Scientific classification
- Kingdom: Animalia
- Phylum: Chordata
- Infraphylum: Agnatha
- Superclass: Cyclostomi
- Class: Petromyzontida
- Order: Petromyzontiformes
- Family: Petromyzontidae
- Genus: Lampetra
- Species: L. fluviatilis
- Binomial name: Lampetra fluviatilis (Linnaeus, 1758)
- Synonyms: Petromyzon fluviatilis Linnaeus 1758; Petromyzon prickus Lacepède 1798; Petromyzon branchialis Linnaeus 1758; Ammocoetus branchialis (Linnaeus 1758); Petromyzon argenteus Bloch 1795 non Kirtland 1838; Petromyzon sanguisugus Lacepède 1800; Petromyzon jurae MacCulloch 1819; ?Petromyzon macrops Blainville 1825; Ammocoetes communis Gistel 1848; Petromyzon omalii Beneden 1857; Petromyzon fluviatilis m. major Smitt 1895; Lampetra opisthodon Gratzianov 1907; Lampetra fluviatilis f. typica Berg 1931; Lampetra fluviatilis f. praecox Berg 1932; Lampetra fluviatilis m. ladogensis Ivanova-Berg 1966;

= European river lamprey =

- Authority: (Linnaeus, 1758)
- Conservation status: NT
- Synonyms: Petromyzon fluviatilis Linnaeus 1758, Petromyzon prickus Lacepède 1798, Petromyzon branchialis Linnaeus 1758, Ammocoetus branchialis (Linnaeus 1758), Petromyzon argenteus Bloch 1795 non Kirtland 1838, Petromyzon sanguisugus Lacepède 1800, Petromyzon jurae MacCulloch 1819, ?Petromyzon macrops Blainville 1825, Ammocoetes communis Gistel 1848, Petromyzon omalii Beneden 1857, Petromyzon fluviatilis m. major Smitt 1895, Lampetra opisthodon Gratzianov 1907, Lampetra fluviatilis f. typica Berg 1931, Lampetra fluviatilis f. praecox Berg 1932, Lampetra fluviatilis m. ladogensis Ivanova-Berg 1966

Species of freshwater lamprey

The European river lamprey (Lampetra fluviatilis), also known as the river lamprey or lampern, is a species of freshwater lamprey.

==Description==
Adult river lampreys measure from 25 to 40 cm in the marine forms and up to 28 cmin the lake forms.
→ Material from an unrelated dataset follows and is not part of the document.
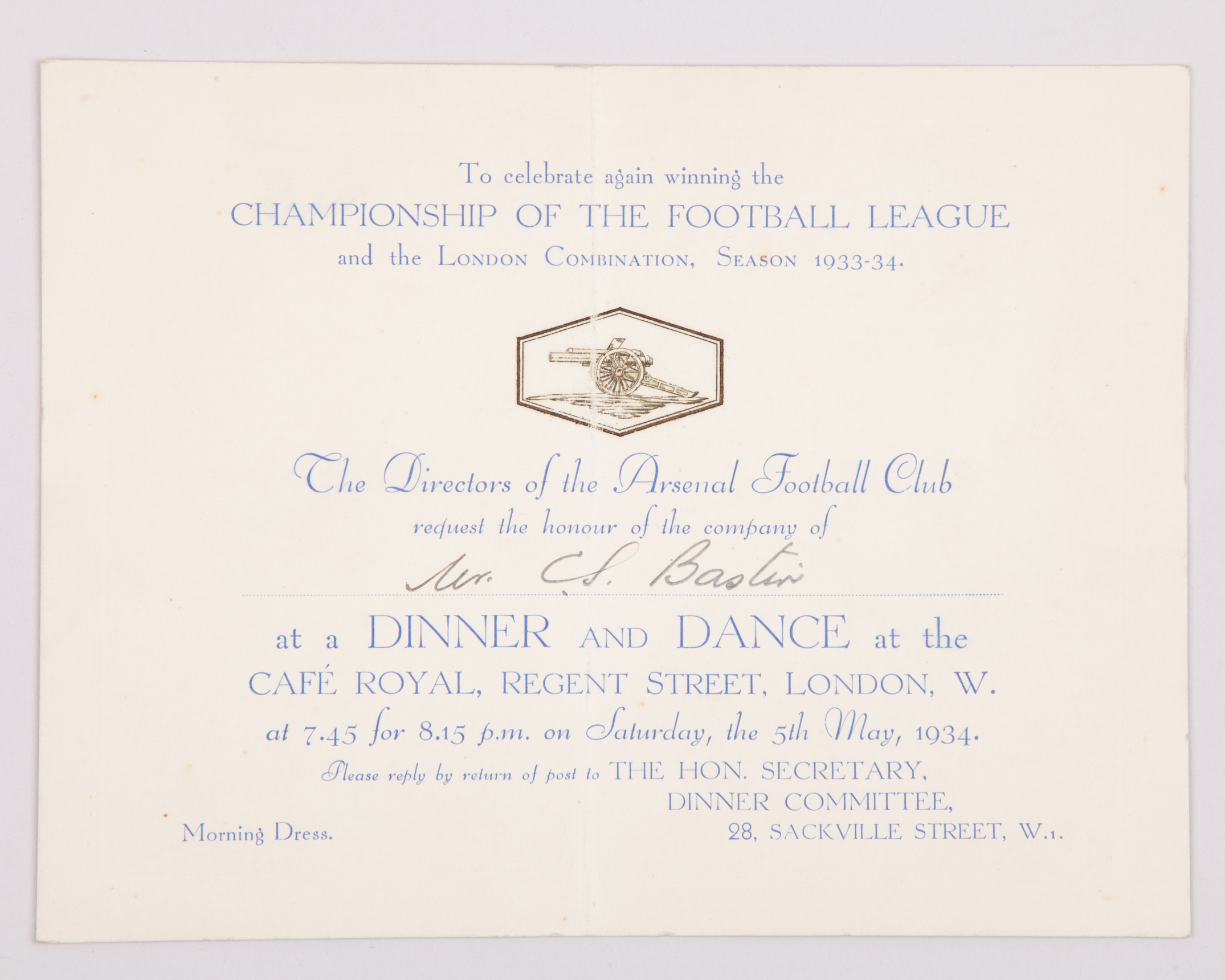 Cliff Bastin invitation to attend the Dinner & Dance to celebrate 1934 Championship, 8th May 1934

The very elongated body is uniformly dark grey on top, paler to yellowish off-white on the sides and pure white underneath. Like all lampreys, they lack paired fins and have a circular sucking disc instead of jaws. They have a single nostril and seven small gill slits on each side behind the eye. The teeth are sharp and these fish can be distinguished from the somewhat smaller brook lamprey (Lampetra planeri) by the fact that the two dorsal fins are more widely separated.

==Distribution==
The European river lamprey is found in coastal waters around almost all of Europe from the northwestern Mediterranean Sea north to the lakes of Finland, Scotland, Norway (Mjøsa), Wales (Cors Caron), and Russia, including rivers in the Alps; especially in Nakkila, Finland and Latvian coastal towns such as Carnikava, Salacgrīva and Pāvilosta European river lampreys are a traditional local delicacy.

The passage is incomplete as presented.